Not surprisingly, I didn't really take to the book. It seemed to symbolise all that I'd lost and I relegated it to the top shelf of cookery books - the home of the books that I don't use all that often. It was a couple of years later when I was having a clear-out that I first looked at it with an open mind.
There's a quote from Delia Smith on the front cover "One of my very favourite cookery writers". He's one of my favourites too, along with Elizabeth David and Jane Grigson. Delia Smith taught me cookery techniques and supplied some fool-proof recipes, but it was Elizabeth, Jane and Nigel who taught me to cook and to appreciate good food. He's currently food editor for The Observer and the main reason why I continue to buy the paper each week. I feel absurdly cheated when he's on holiday.
"The 30-Minute Cook" is the last in a series of three books with the common aim of producing good food in less than thirty minutes. "Real Fast Food" and "Real Fast Puddings" had a distinctly European flavour, but "The 30-Minute Cook" looks predominantly to the rest of the world for inspiration. Strangely enough he avoids North America, pointing out that he had to draw the line somewhere, but doesn't explain why!
We begin with a look at the range of basic ingredients. Nigel's love of food shines through as he talks of "tender, sweet, peppery Italian basil" and the "dark, shiny green leaves of the knobbly Kaffir lime". Most of the ingredients were available in the larger supermarkets when the book was written some ten or more years ago, but you should have no problem now even in the smaller branches.
We start the recipes proper with a look at vegetables, working through them alphabetically. Forget dull vegetables though and think of baked asparagus with pancetta, or hot aubergine and cheese sandwiches, where the aubergine takes the place of bread. I can personally recommend the roast new potatoes with mushrooms and breadcrumbs - it's delicious served with sausages for a main meal or on its own for a light lunch. Best of all though is the mixed vegetable korma. Nigel describes it as "fragrant, mild and creamy". It's delicious too.
I love the salads. I'm not normally a fan of goat's cheese, but I can recommend the goat's cheese and fruit salad. I've done it using strawberries, figs and melon as the fruit and it was little short of sublime. If you want something for a cooler day, you could try the warm salad of potatoes, prosciutto and parsley. It makes a good weekend lunch for us.
I've only used one of the recipes from the chapter on pasta. I've made pasta meals so often that I don't actually need a recipe book, but I have made the pasta with roast garlic, mushrooms and cream. The taste was excellent, but with four cloves of garlic per person the effects did linger!
From the chapter on fish the herbed salmon with garlic cream sauce is a favourite. The garlic isn't so pronounced here as there's only one clove between two people.
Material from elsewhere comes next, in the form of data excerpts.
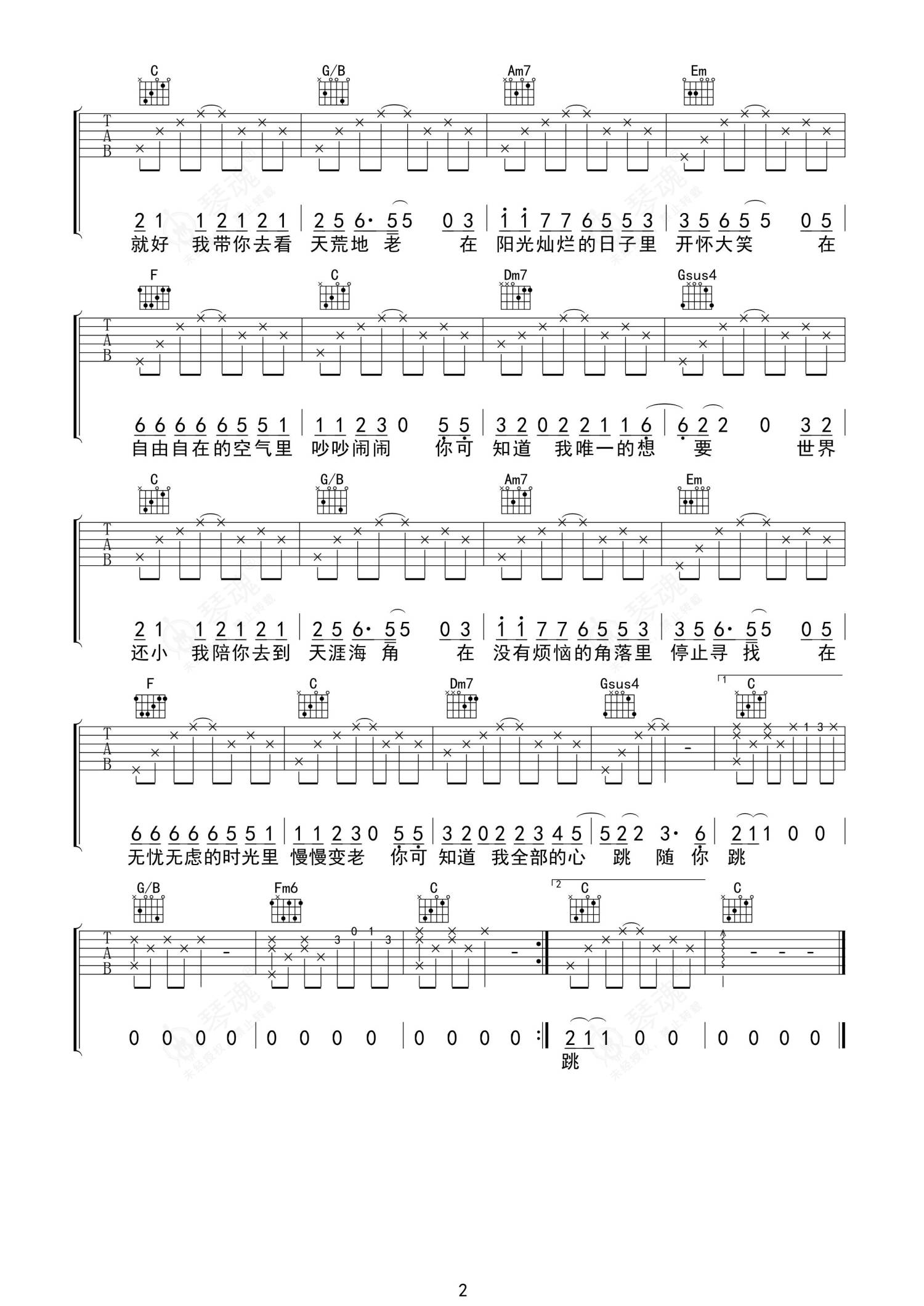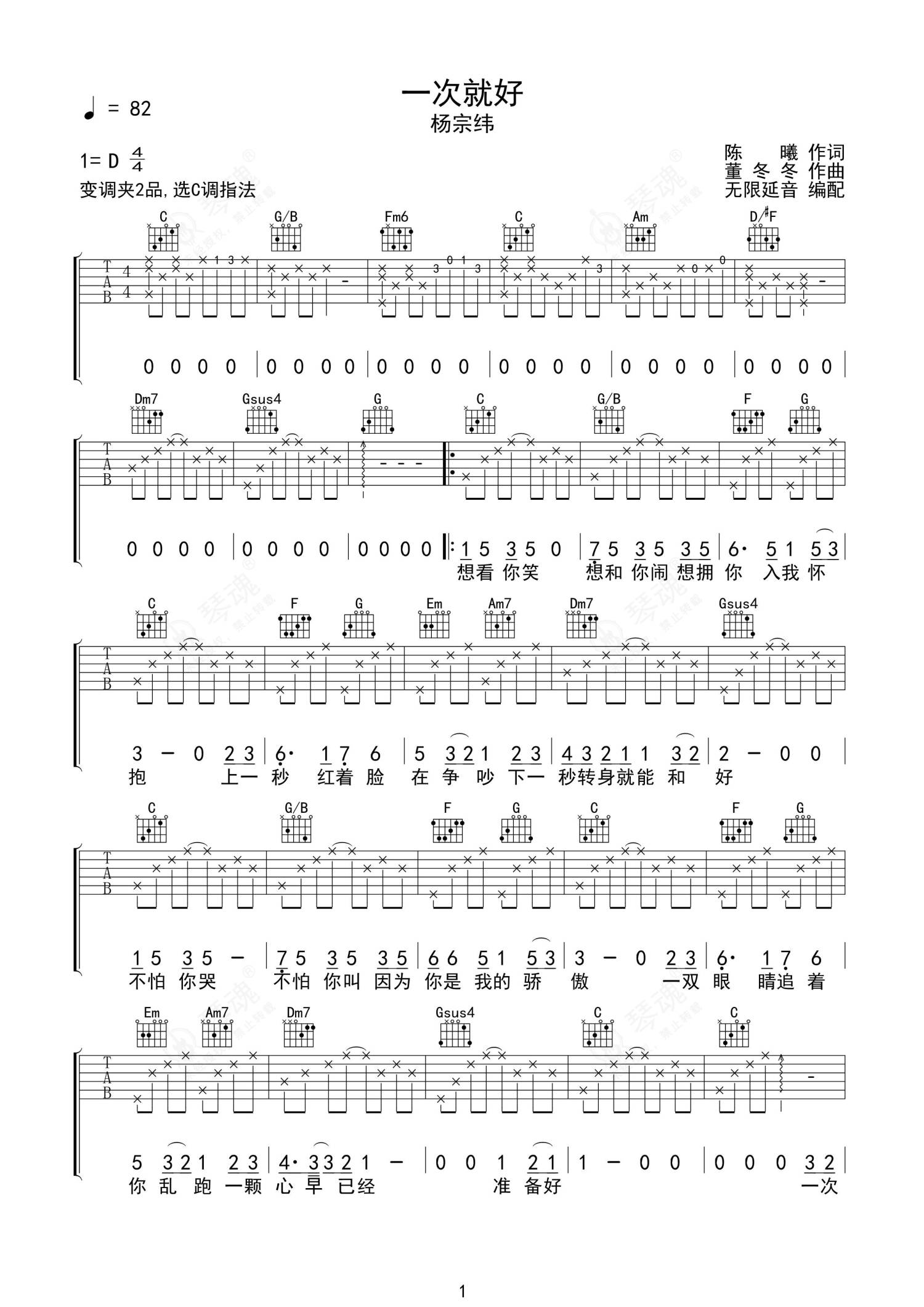 《一次就好》是杨宗纬演唱的一首歌曲,拍号为4/4拍,歌曲速度为每分钟82拍,歌曲原调为D调,但由于原调指法比较难,为了方便弹奏,本吉他谱采用的是C调指法编配,变调夹2品弹奏即为原调,当然也可以根据自己的音域改变变调夹位置,或者通过改变和弦调性,以方便自己弹奏,这份吉他谱共有两张高清图谱,图谱由 @无限延音 编配上传,图谱使用六线谱编配,包含吉他和弦指法、简谱以及歌词部分,使用这份一次就好吉他谱,可以让你更加方便地掌握这首歌曲的弹唱技巧,快来尝试吧。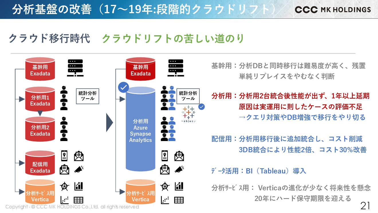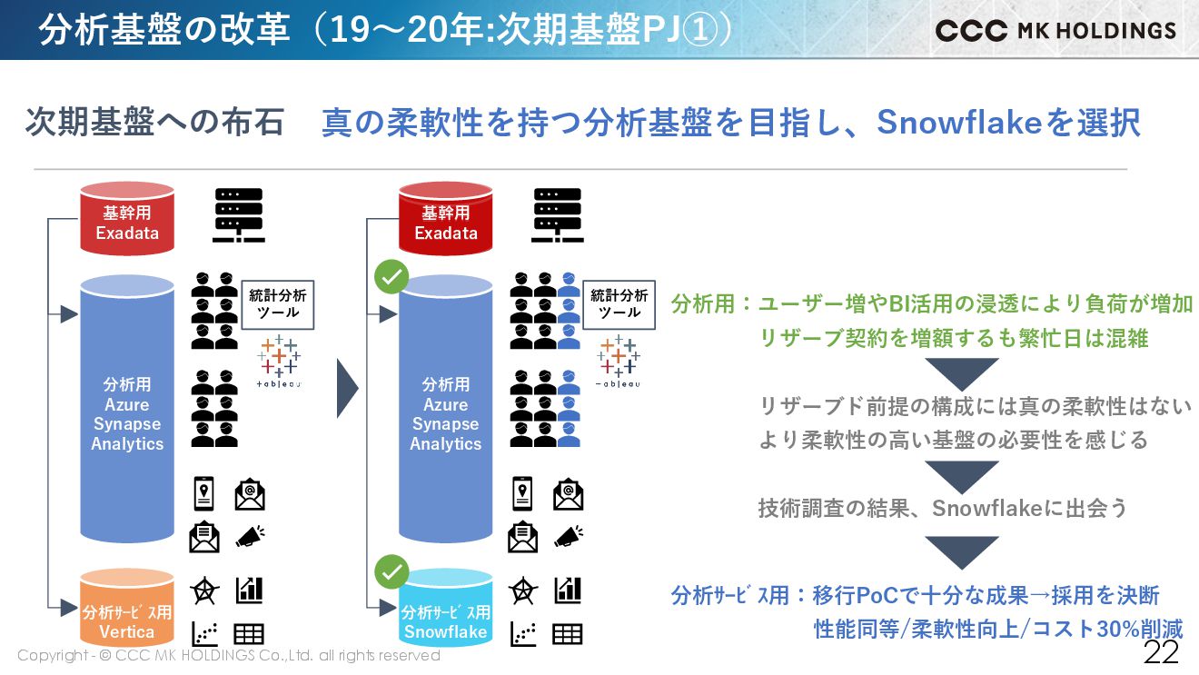 21 配信用 Exadata 分析用2 Exadata 分析用1 Exadata 分析サービス用 Vertica 統計分析 ツール 基幹用 Exadata 分析用 Azure Synapse Analytics 基幹用 Exadata 分析サービス用 Vertica 統計分析 ツール クラウドリフトの苦しい道のり クラウド移行時代 分析用:分析用2台統合後性能が出ず、1年以上延期 原因は実運用に則したケースの評価不足 →クエリ対策やDB増強で移行をやり切る 配信用:分析用移行後に追加統合し、コスト削減 3DB統合により性能2倍、コスト30%改善 データ活用:BI(Tableau)導入 分析サービス用: Verticaの進化が少なく将来性を懸念 20年にハード保守期限を迎える 基幹用:分析DBと同時移行は難易度が高く、残置 単純リプレイスをやむなく判断 分析基盤の改善(17~19年:段階的クラウドリフト) 基幹用 Exadata
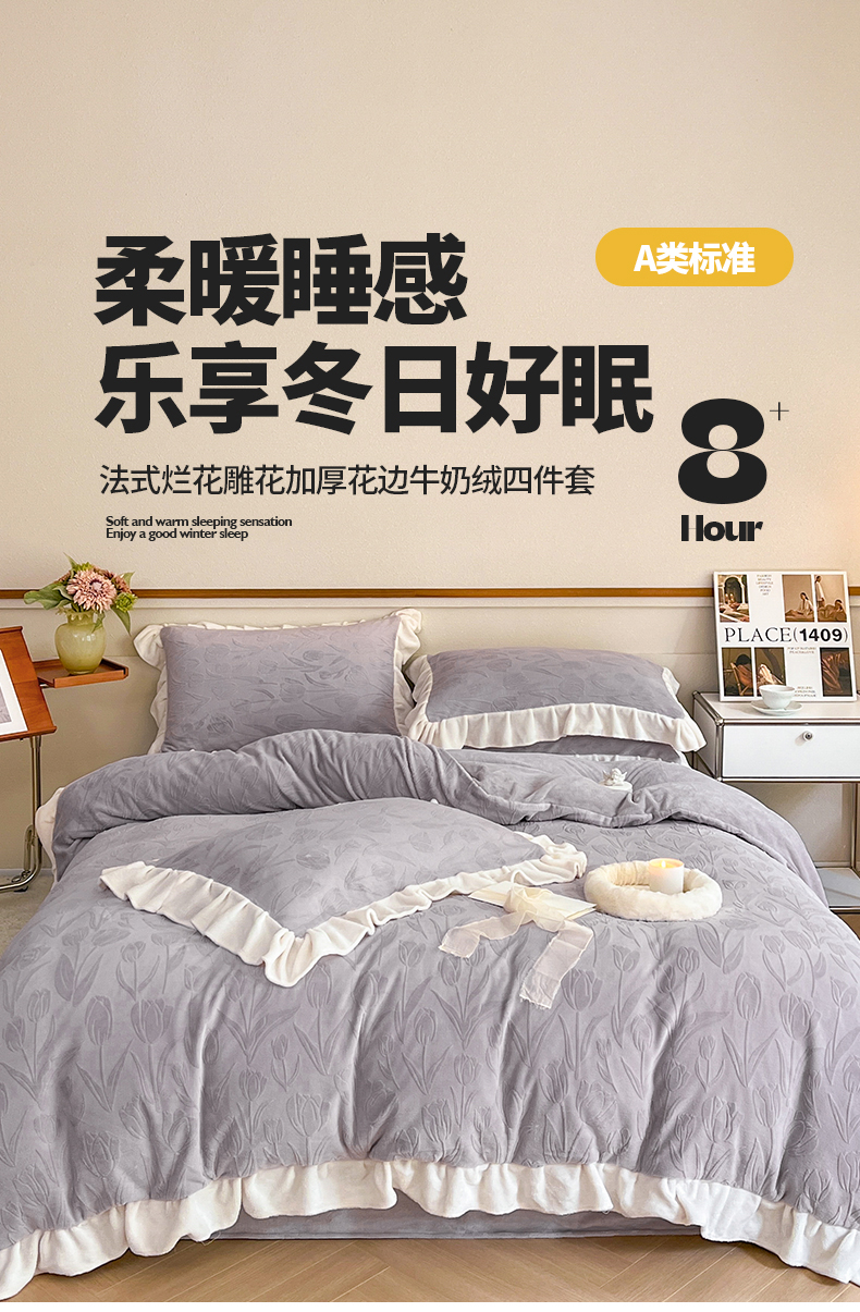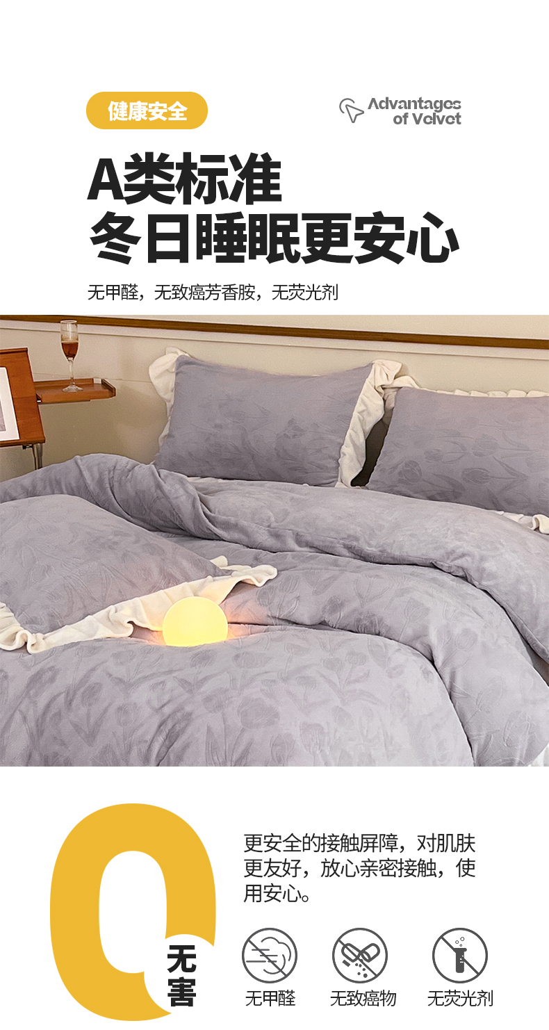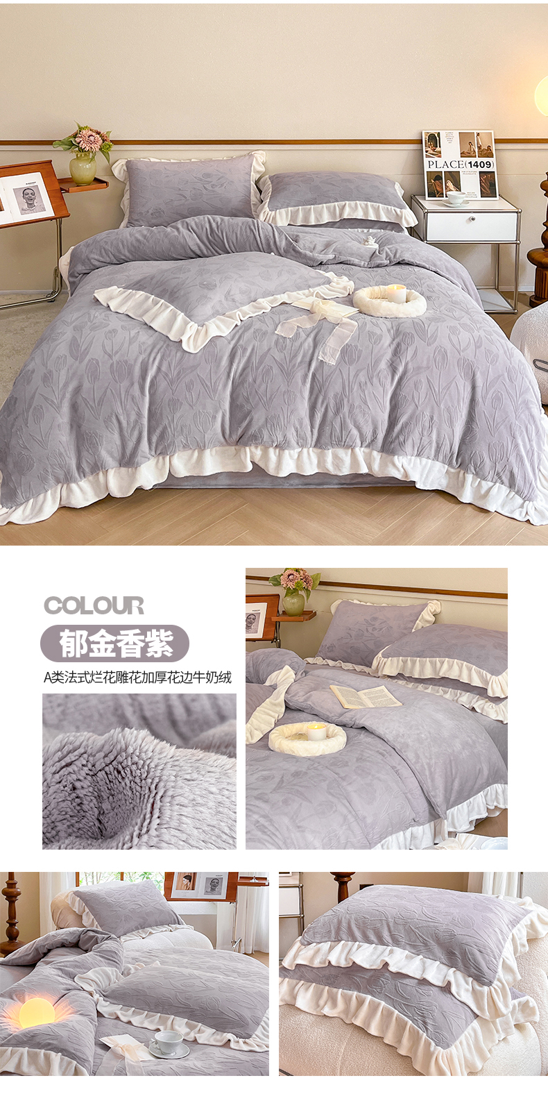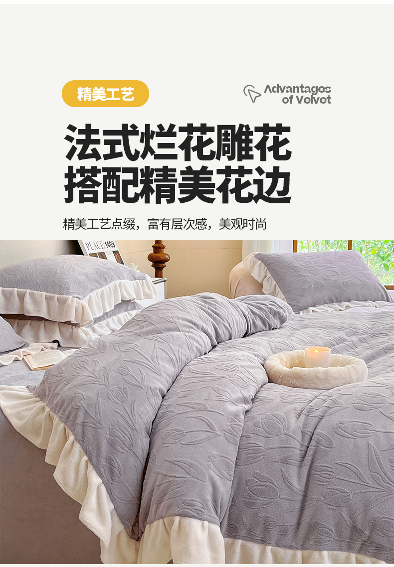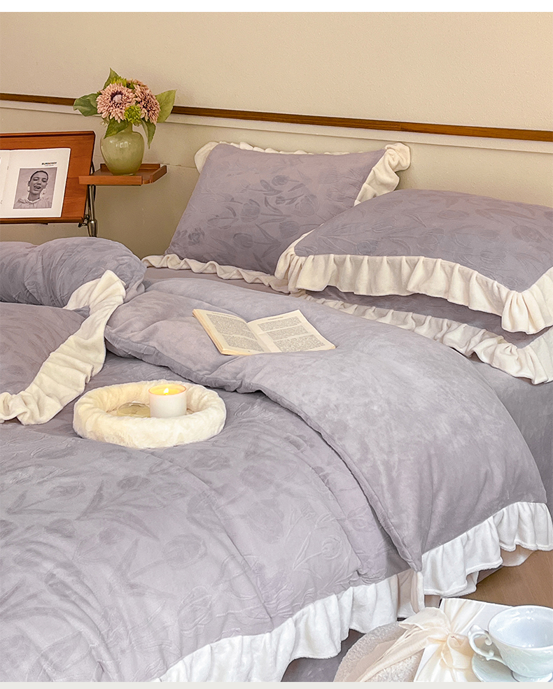 商品名称:桃子家居 2023新款A类高克重230克法式烂花雕花提花加厚韩版花边牛奶绒四件套 绒烂花-郁金香紫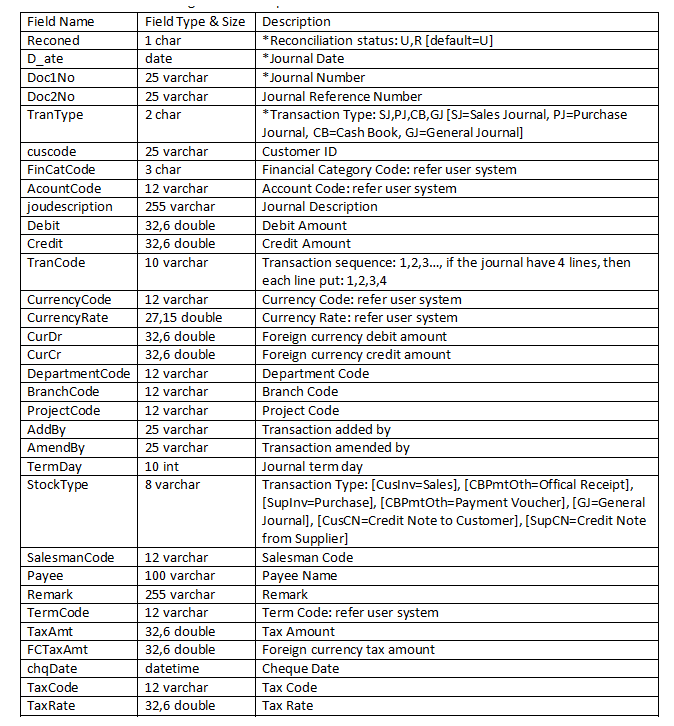 Table Specification (from third party module to SKYBIZ Cloud Server)

Nigel suggests serving this with some new potatoes and green beans and I don't think this combination can be beaten, although I have resorted to frozen peas in an emergency! Everything can be done in the length of time that it takes to cook the potatoes.
I've avoided the chapter on shellfish for medical reasons, but "Chicken, Game and Other Good Things" has been well used. Chow Mein is good for using up left-overs of cold meat or chicken (although Nigel asks us to "remember that chow mein is not Chinese for dustbin") and crisp, spiced grilled chicken can be eaten as finger food. Favourite though is the chicken with garlic, cider and cream. There's a lot of garlic in this too, but somehow it doesn't quite have the same after-effect as the pasta dish.
In the chapter on meats there's a recipe for a 30-Minute roast lamb. It's actually a rack of lamb which will feed two people. I know it's a more expensive cut, but it is impressive as a celebration meal, particularly with some new potatoes and a green salad. If you fancy something more hearty then try the lamb chops with onions, mustard and chick-pea puree. Would you like to know about the best thing that Nigel has ever eaten? Well, it's the Monday supper of left-over meat "cut into shreds or cubes or generally hacked about a bit" fried in the left-over dripping with some cabbage, red wine and gravy. I've done it. It's good.
Nigel admits that he finds the "warmth, frugality and comforting qualities" of grains, beans and lentils more interesting than meat. They've had a health-food-and-sandals image which has put a lot of people off them. Forget that and try the peach and almond couscous with the spiced grilled chicken or the pancetta and parmesan risotto. They're both splendid, satisfying meals, but my favourite from this chapter has to be the dal - cheap as chips and infinitely more satisfying.
The final chapter is on snacks, cheese and puddings. How about a baked Camembert served with a salad? It's done in the puff pastry that you buy from the supermarket and looks far more impressive than the effort it takes. In the autumn one of our favourite puddings is the grilled plums and blackberries with hot mascarpone and sugar. You might even find some blackberries growing wild nearby.
When I came back to this book I loved it. It's about the food that real people eat rather than the food you see served up in restaurants. You don't need much knowledge of cookery techniques either. I would think that even the newest of cooks could produce an honest and satisfying meal from these recipes.
Recently I've found that a lot of cookery books contain recipes for what, for me, are absurd numbers of people. Few people cook on a regular basis for six, eight or ten people, but then the writers of these books are usually celebrity chefs, such as Gary Rhodes. Nigel Slater is not a celebrity chef (despite the fact that he trained in some excellent restaurants) and he knows that the majority of people cook for no more than four people. Most recipes in the book are for two people and they can easily be doubled to feed four as none contain baking powder or gelatine, which cause problems when quantities are increased.
Do I have any reservations about the book? Well, I found him a tad defensive about authenticity. "If you are willing to take a broader, more relaxed view of it all, then we will probably stay friends." Yes, he does take the occasional liberty with ingredients or techniques, but I bought the book because it gives Nigel's version of fast foods from various countries, not in spite of the fact. Had I been looking for authenticity in Eastern cookery I would have started with Madhur Jaffrey or Ken Hom and moved on from there. I couldn't understand his lack of confidence on this, but it is a very minor point.
Photographs for the book were done by Kevin Summers. They're close-ups and they're so good that you can almost smell the food. It's food too as served by real people, rather than the artfully-arranged, soulless pictures that you so often find in cookery books. There's a picture of a sausage and bean hotpot that had me drooling.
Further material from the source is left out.